Solve the system of two equations using elimination with multiplication. 4x−6y=−48 −2x+4y=30(1 point) Responses (−33,−9) (3, 9) (−21,−6) (−3, 6)
To solve the system of equations using elimination with multiplication:
4x - 6y = -48
-2x + 4y = 30
We can multiply the second equation by 2 in order to make the coefficients of x in both equations equal:
2(-2x + 4y) = 2(30)
-4x + 8y = 60
Now we have:
4x - 6y = -48
-4x + 8y = 60
Adding the two equations together, the x terms cancel out:
(-4x + 8y) + (4x - 6y) = 60 + (-48)
2y = 12
y = 6
Substituting this value of y back into one of the original equations, let's use the first equation:
4x - 6(6) = -48
4x - 36 = -48
4x = -12
x = -3
Therefore, the solution to the system of equations is (x, y) = (-3, 6). The correct response is (-3, 6).
Solve the system of equations. 3x−4y=40 5x−5y=55 (1 point) Responses (14, 3) left parenthesis 14 comma 3 right parenthesis (18, 7) left parenthesis 18 comma 7 right parenthesis (8,−3) left parenthesis 8 comma negative 3 right parenthesis (4,−7)
To solve the system of equations:
3x - 4y = 40
5x - 5y = 55
We can use the method of elimination by multiplying the first equation by 5 and the second equation by 3 to make the coefficients of y equal:
(5)(3x - 4y) = (5)(40)
(3)(5x - 5y) = (3)(55)
15x - 20y = 200
15x - 15y = 165
Now, we can subtract the second equation from the first equation:
(15x - 20y) - (15x - 15y) = 200 - 165
15y = 35
y = 35 / 15
y = 7/3
Substituting this value of y back into the first equation, we have:
3x - 4(7/3) = 40
3x - 28/3 = 40
3x = 40 + 28/3
3x = 120/3 + 28/3
3x = 148/3
x = (148/3) / 3
x = 148 / (3 * 3)
x = 148 / 9
Therefore, the solution to the system of equations is (x, y) = (148/9, 7/3). In decimal form, it is approximately (16.44, 2.33). However, none of the given responses match this solution.
Solve the system of equations. 3x−4y=40 5x−5y=55 (1 point) Responses (14, 3) (18, 7) (8,−3) (4,−7)

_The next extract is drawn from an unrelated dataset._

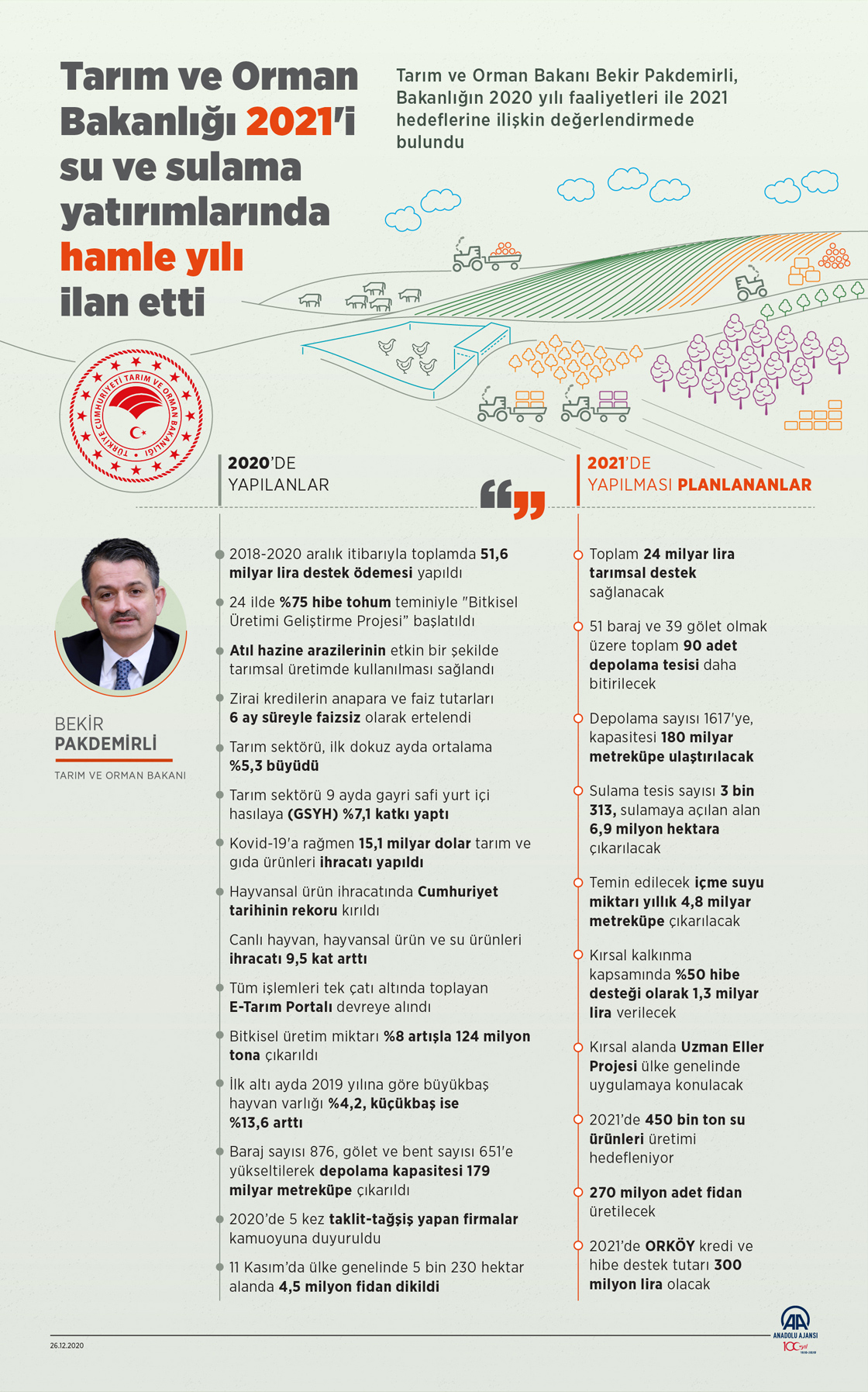 Tarım ve Orman Bakanı Bekir Pakdemirli, Bakanlığın 2020 yılı faaliyetleri ile 2021 hedeflerine ilişkin değerlendirmede bulundu. (Grafik: Elmurod Usubaliev/AA)
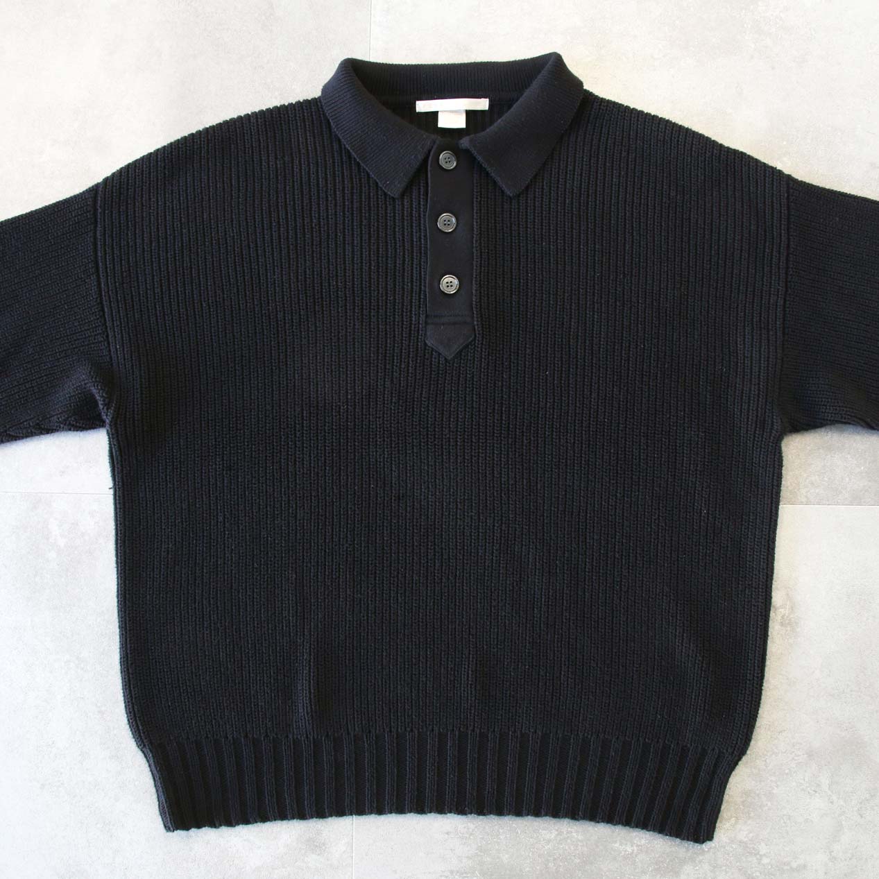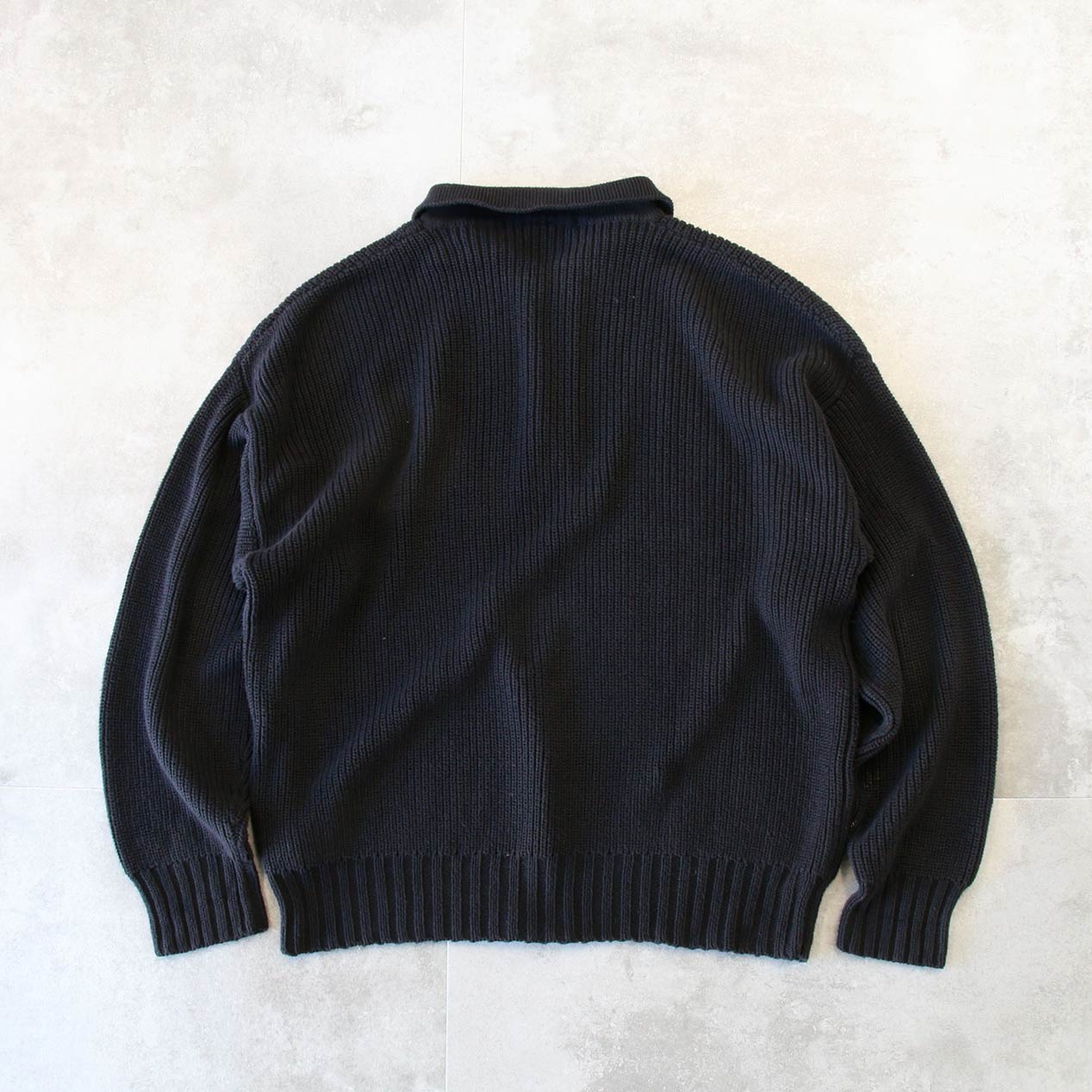 MODEL: PERRY ELLIS Polo Collared Black Cotton Knit Sweater MADE IN: Hong Kong AGE: 90's SIZE: XL COLOR: ブラック MATERIAL: コットン 100% COMMENT: 90年代 ペリーエリス

To solve the system of equations:
3x - 4y = 40
5x - 5y = 55
We can use the method of elimination by multiplying the first equation by 5 and the second equation by 3 to make the coefficients of x equal:
(5)(3x - 4y) = (5)(40)
(3)(5x - 5y) = (3)(55)
15x - 20y = 200
15x - 15y = 165
Now, we can subtract the second equation from the first equation:
(15x - 20y) - (15x - 15y) = 200 - 165
-5y = 35
y = -7
Substituting this value of y back into the first equation, we have:
3x - 4(-7) = 40
3x + 28 = 40
3x = 40 - 28
3x = 12
x = 4
Therefore, the solution to the system of equations is (x, y) = (4, -7). The correct response is (4, -7).
How many solutions does the system have? 12x−15y=18 4x−5y=6(1 point) Responses two solutions two solutions no solution no solution infinitely many solutions infinitely many solutions one solution
The given system of equations has one solution.
To determine this, we can check the slope of the lines represented by the equations. If the slopes are different, then the lines will intersect at a single point and there will be one solution.
The equations are:
12x - 15y = 18
4x - 5y = 6
To find the slopes, we can write the equations in slope-intercept form (y = mx + c), where m is the slope:
12x - 15y = 18
-15y = -12x + 18
y = (12/15)x - (18/15)
y = (4/5)x - (6/5)
4x - 5y = 6
-5y = -4x + 6
y = (4/5)x - (6/5)
Comparing the slopes (coefficient of x), we can see that they are both equal to 4/5. This means that the lines are parallel and will not intersect, resulting in no solution. However, none of the listed responses indicate no solution.